Now what do you mean by that, first time since when?

Or, since …

Surely not since you landed.

Since we landed, yeah, we lived on tinned stuff and biscuits and that sort of thing.

What you were carrying with you?

What you were carrying with you yeah, didn’t have a hot meal or anything like that.

 

Right, where were you sleeping, you just bedding down wherever you had …

On the ground, on the ground, yeah, yeah.

How long had this been? That you’d been living like this?

Aw, it seemed like an eternity, but it probably wasn’t that long, about 2 weeks I suppose at the most.

Right.

So much happening and you’re moving and moving again, and on the run, you know sort of thing. We got out to the Costa Rica, and the next thing bloody German planes come up, bombing the hell out of it, out of the convoy. And our old ship, I believe, was the slowest in the convoy. We had a naval escort, like they were hammering away at the planes all the time. Somebody came down, and said, "We want all the machine gunners up on deck", and all the machine gunners, bren gunners, and vickers gunners and that went up on deck. And the NCO came down and he said "No, we want everybody down here" - we all had bren gun magazines, everybody carried magazines - he said "I want everybody down here, check what ammunition you’ve got and load all the magazines you’ve got." And they kept blokes running backwards and forwards bringing the empty magazines down. And they were giving em the hell up on the deck too, the racket’s going off … . Hundreds of machine guns all firing at once, you know. The noise was something shocking. Anyway after awhile everybody stopped firing, they all cheered, they reckon they shot one down. But whether it was them, or the Naval gunners they’d never know, but anyhow, you couldn’t believe how unlucky you could be - or lucky in a way. The last plane dropped his last bomb, and that bomb was the only one that did any damage, it sprung the plates in our ship and everything stopped, the engines stopped, all the lights went out, and the ship started to … oh, God, we’re going down, you know. An NCO, Warrant Officer, I think he was a pommy, he stepped up on the gangway, "Stand fast lads. Don’t anybody move." He said "The blokes up the end there, they probably copped it worse then we did. Just wait. Obey orders." So we just stood there waiting, and eventually got the order, "Make your way up on deck, but leave your weapons, all your gear behind. Don’t bring your weapons or anything, make your way up on deck quietly". We filed up onto the deck and formed up as you did with your lifeboat drill. And he called out "Anybody that hasn’t got a life jacket and can’t swim, go up to the top". That was me. I couldn’t swim, and I didn’t have a life jacket, and anyway about 5 of us up on deck and we were first off The British destroyers, one come in on each side, and tied up, and took us off. And they took us to Crete and dropped us, you know, the sad part of this, both those, both those destroyers were lost with all hands, fighting off Crete.

 

So did everybody get off the Costa Rica?

Yeah, I don’t think there was anybody … the Battalion commander, Colonel Walker, he went back to check. And eventually the Navy had to sink this ship with gun fire, because it was … it was just floating low in the water like and it was gradually going down, and they sunk it to speed it up. And we landed on Crete, we had nothing, we had no food or anything, and that night - it was quite warm on Crete - our platoon, about 20 odd men, I suppose, we had to sleep on the ground. No blankets, nothing, and the Lieutenant, he got a tarpaulin from somewhere. We all got under this tarpaulin to go to sleep, it was all right, it was nice and warm. You know, but woke up in the morning, yelling at one another, acting the goat, you know … all these blokes under this great tarpaulin.

Was it cold at night?

Oh, no it wasn’t bad, well Crete was quite warm, you know it wasn’t … We were living at scratch rations, all the time we were there.

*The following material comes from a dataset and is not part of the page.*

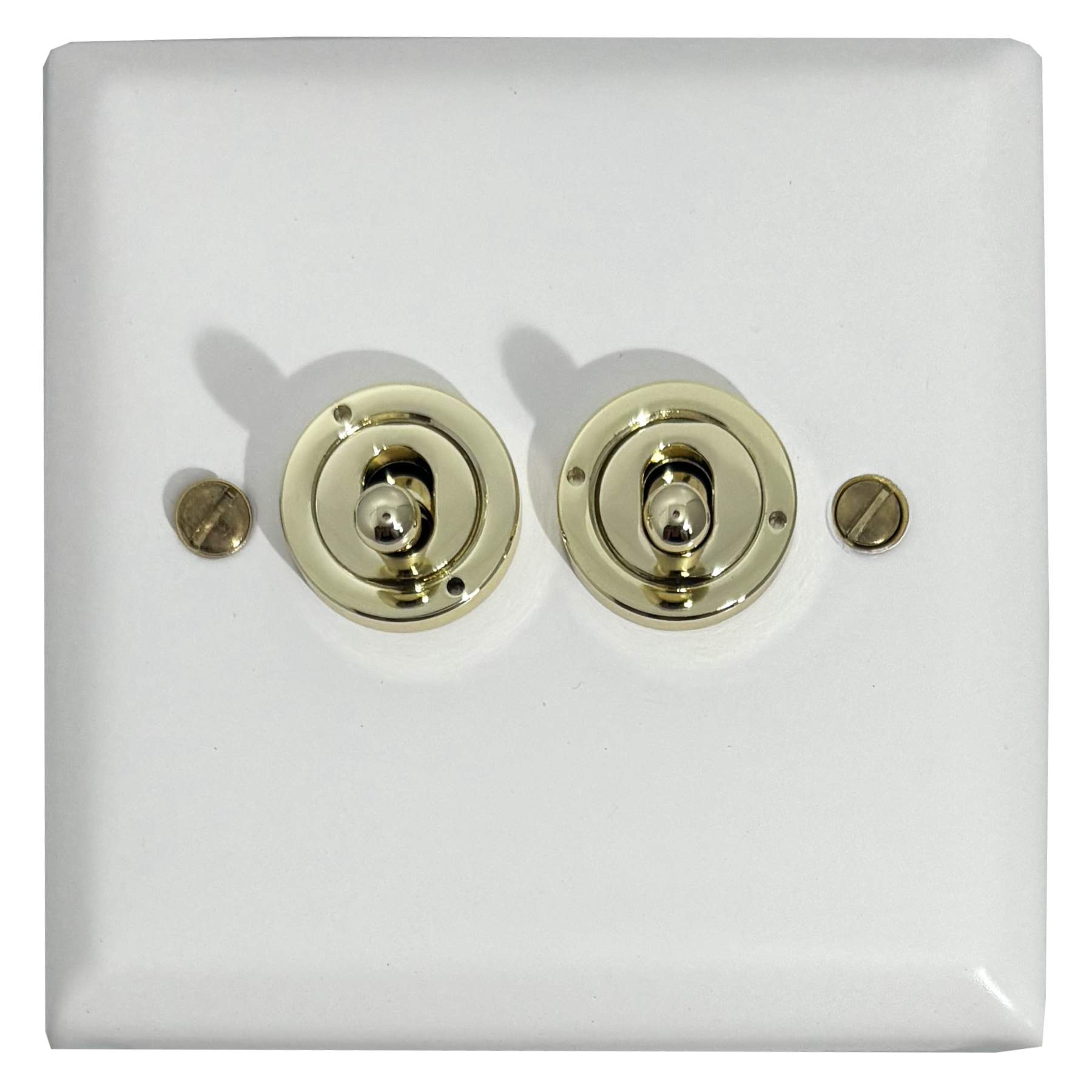 Spectrum White Toggle Switch (2 Gang/Polished Brass Switches)

What, everything that you had around your person you had left behind on the Cost Rica?

Yeah, yeah, yeah

So where, did the food came, that you did have come from?

Oh, they had stores, there at the port on Crete. And they must have taken, there were already British troops on Crete. Some units of the Greek Army too I suppose. But we were, on I think it was half rations all the time we were there. And then …

How did this work, were you given, ah tins, to look after yourself?

Yeah, yeah, yeah.

Or was there some sort of kitchen established?

They’d hand out, so many rations to each section. And the Corporal would go and draw the rations and come back to share it out between us to eat. And he’d share it among you. But after we’d be there for a little while, we started to get paid. Paid in Greek money, and we’d go and buy Greek bread and eggs, and stuff like that, that helped.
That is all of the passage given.